▶ **EXERCISE INSTRUCTIONS**
Every line from the first one in the data below through the line holding "(사진=CLS 제공) |" is to be written out exactly, with the pictures omitted.

▶ **RECORDS**
---*---
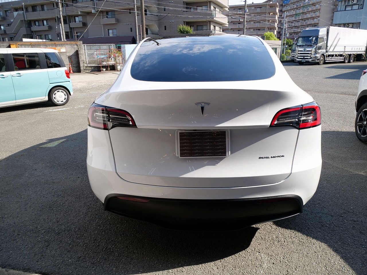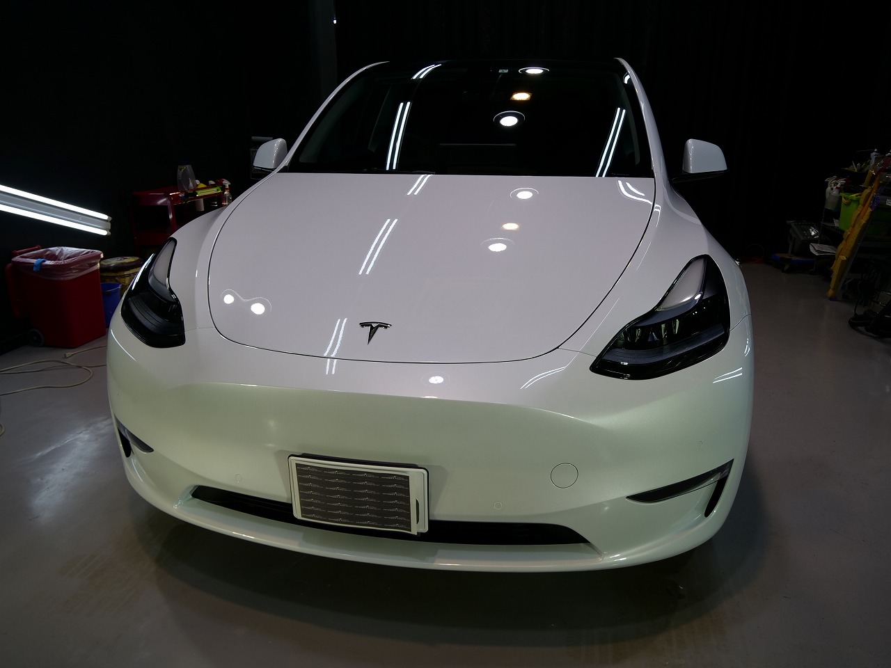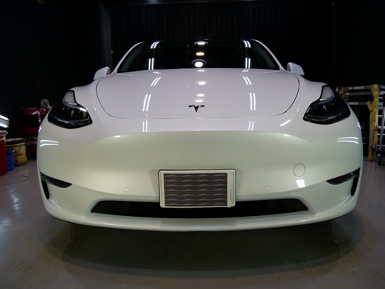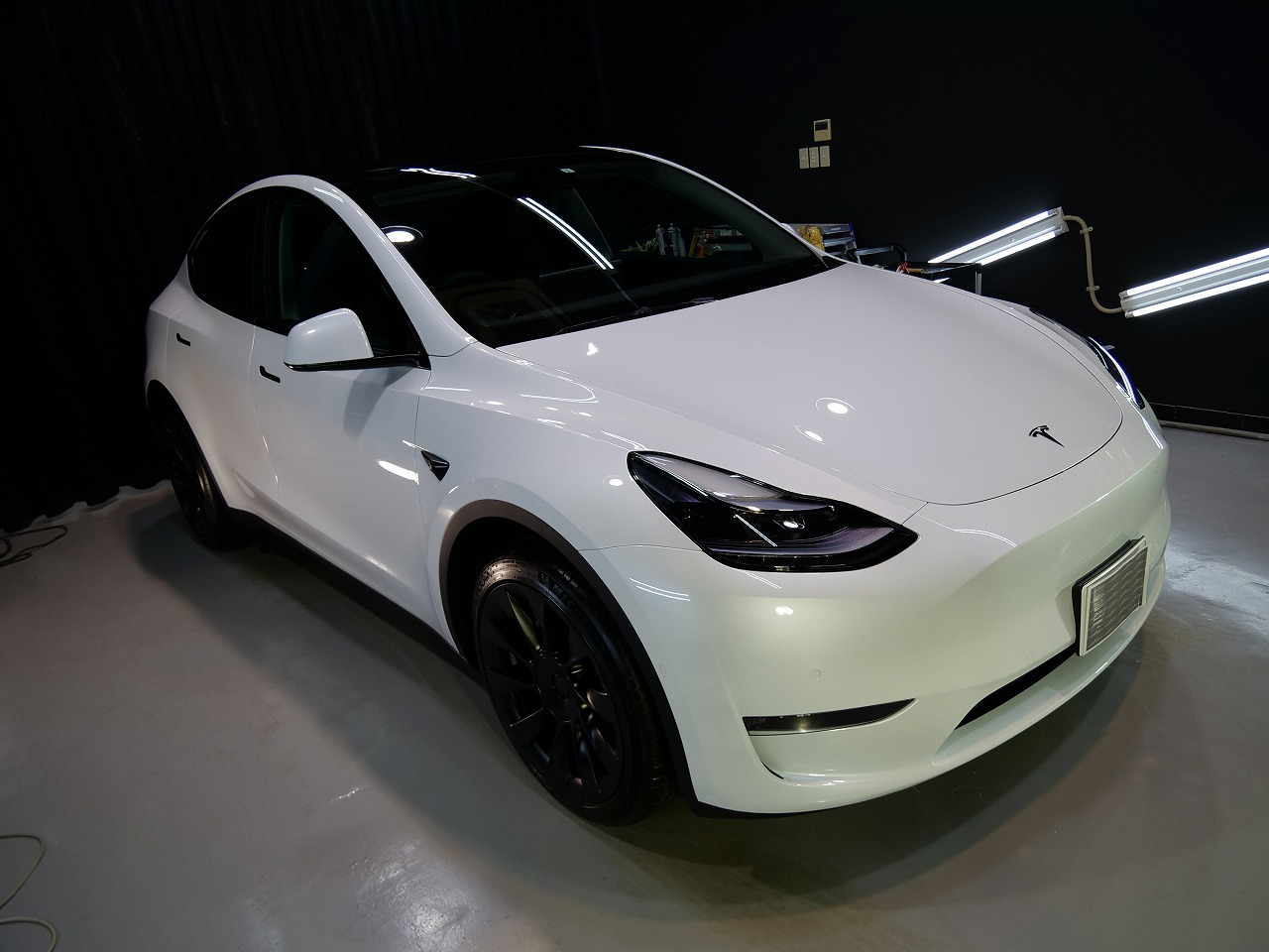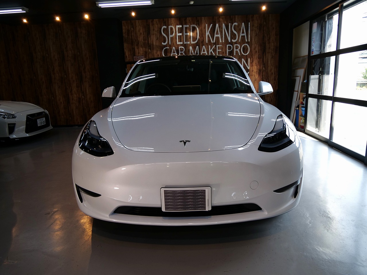 大阪府枚方市より人気のテスラ モデルYのご入庫です!ボディカラーはパールホワイトマルチコート!
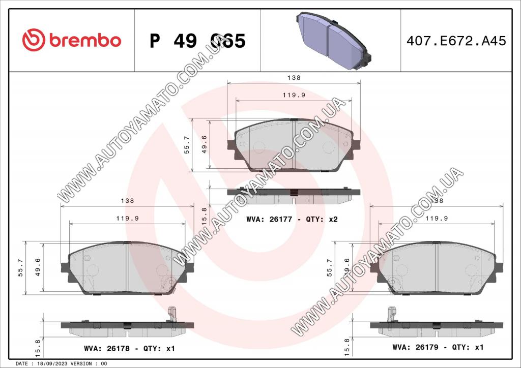 P49065 BREMBO - Тормозные колодки - Autoyamato
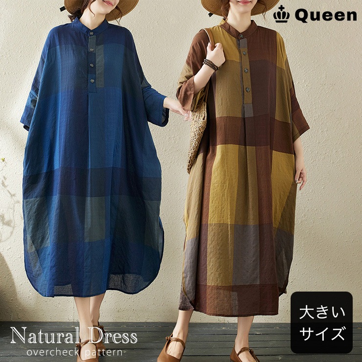 大きいサイズ レディース シャツワンピ チェック柄ワンピース 長袖 ロング丈 春 夏 秋 (206365)
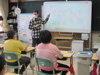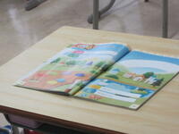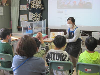 高学年の子どもたちは、担任とALTの指導で公園の絵の中から英単語を学ぶ学習をしていました。発音をまねたりしながら、楽しそうに授業の臨んでいました。
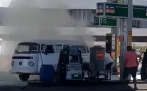 Uma kombi que estava no local começou a sair fumaça, deixando funcionários e pessoas que estavam no local amedrontadas.
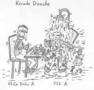 In mijn oude beleving speelde de schaakclub Utile Dulci in de Veen in een gebouw met een toren met een grote tulp als afbeelding op het gebouw. Daar waren ze echter al vijf jaar geleden uit weggepest hoorde ik later van een speler/barkeeper en ze zijn erg blij met het vogelhuisclubhuis waar twee clubs van vogelfluisteraars huizen met veel bekers op de materiaalkast. Het was echter langs het water moeilijk te bereiken en bij het passeren moest je niet nachtblind zijn, maar we vonden het uiteindelijk ruim op tijd en werden met een lekker kopje koffie ontvangen! Het kon – toen – allemaal nog niet stuk.
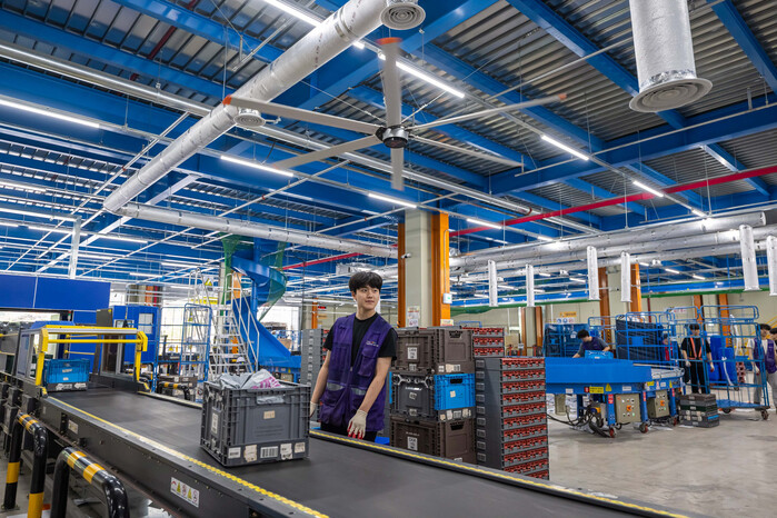 | ▲ 청주 서브허브 CLS 직원이 대형 파이프를 통해 나오는 에어컨 냉기 아래서 작업하고 있다. (사진=CLS 제공) |
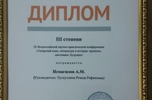 Поздравляем ученика 8а класса Исмагилова Амира с дипломом III степени IX Всероссийской научно-практической конференции "Татарский яхык, литература и история: прошлое, настоящее, будущее" (Руководитель: Р. Р. Хуснуллина). Желаем дальнейших успехов!
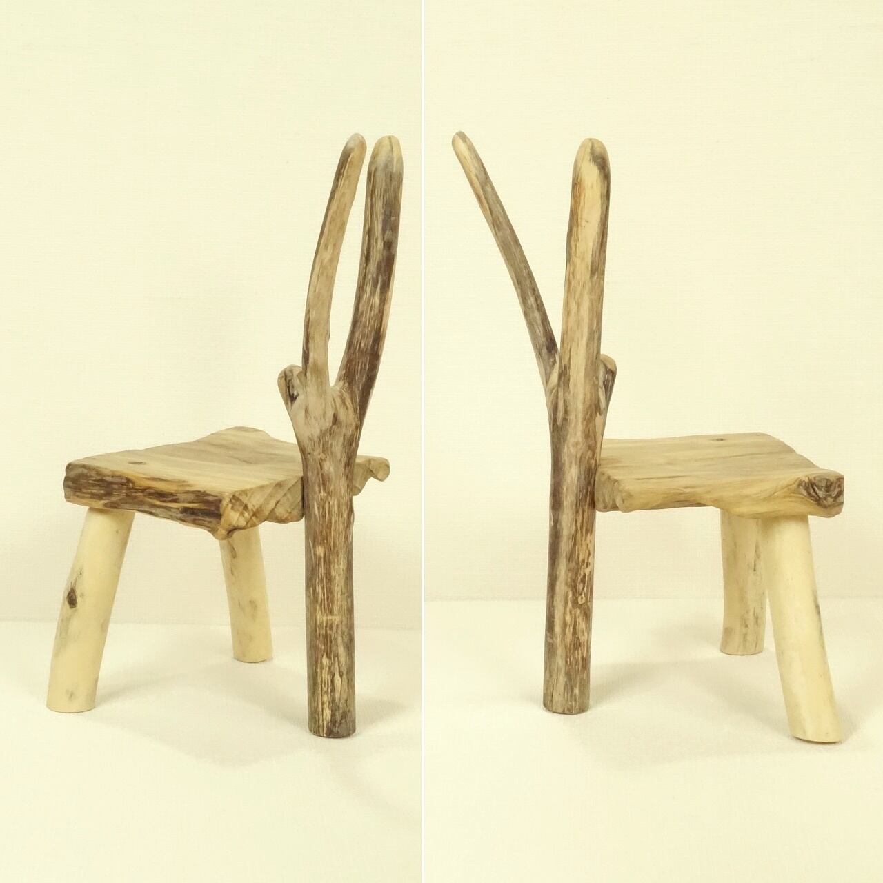 【温泉流木】かわいいバランスの椅子型飾り台スタンド005ゆらぎのある四角椅子 R040141
---*---
▶ **RESPONSE BOX**
 大阪府枚方市より人気のテスラ モデルYのご入庫です!ボディカラーはパールホワイトマルチコート!
 P49065 BREMBO - Тормозные колодки - Autoyamato
 大きいサイズ レディース シャツワンピ チェック柄ワンピース 長袖 ロング丈 春 夏 秋 (206365)
 高学年の子どもたちは、担任とALTの指導で公園の絵の中から英単語を学ぶ学習をしていました。発音をまねたりしながら、楽しそうに授業の臨んでいました。
 Uma kombi que estava no local começou a sair fumaça, deixando funcionários e pessoas que estavam no local amedrontadas.
 In mijn oude beleving speelde de schaakclub Utile Dulci in de Veen in een gebouw met een toren met een grote tulp als afbeelding op het gebouw. Daar waren ze echter al vijf jaar geleden uit weggepest hoorde ik later van een speler/barkeeper en ze zijn erg blij met het vogelhuisclubhuis waar twee clubs van vogelfluisteraars huizen met veel bekers op de materiaalkast. Het was echter langs het water moeilijk te bereiken en bij het passeren moest je niet nachtblind zijn, maar we vonden het uiteindelijk ruim op tijd en werden met een lekker kopje koffie ontvangen! Het kon – toen – allemaal nog niet stuk.
 | ▲ 청주 서브허브 CLS 직원이 대형 파이프를 통해 나오는 에어컨 냉기 아래서 작업하고 있다. (사진=CLS 제공) |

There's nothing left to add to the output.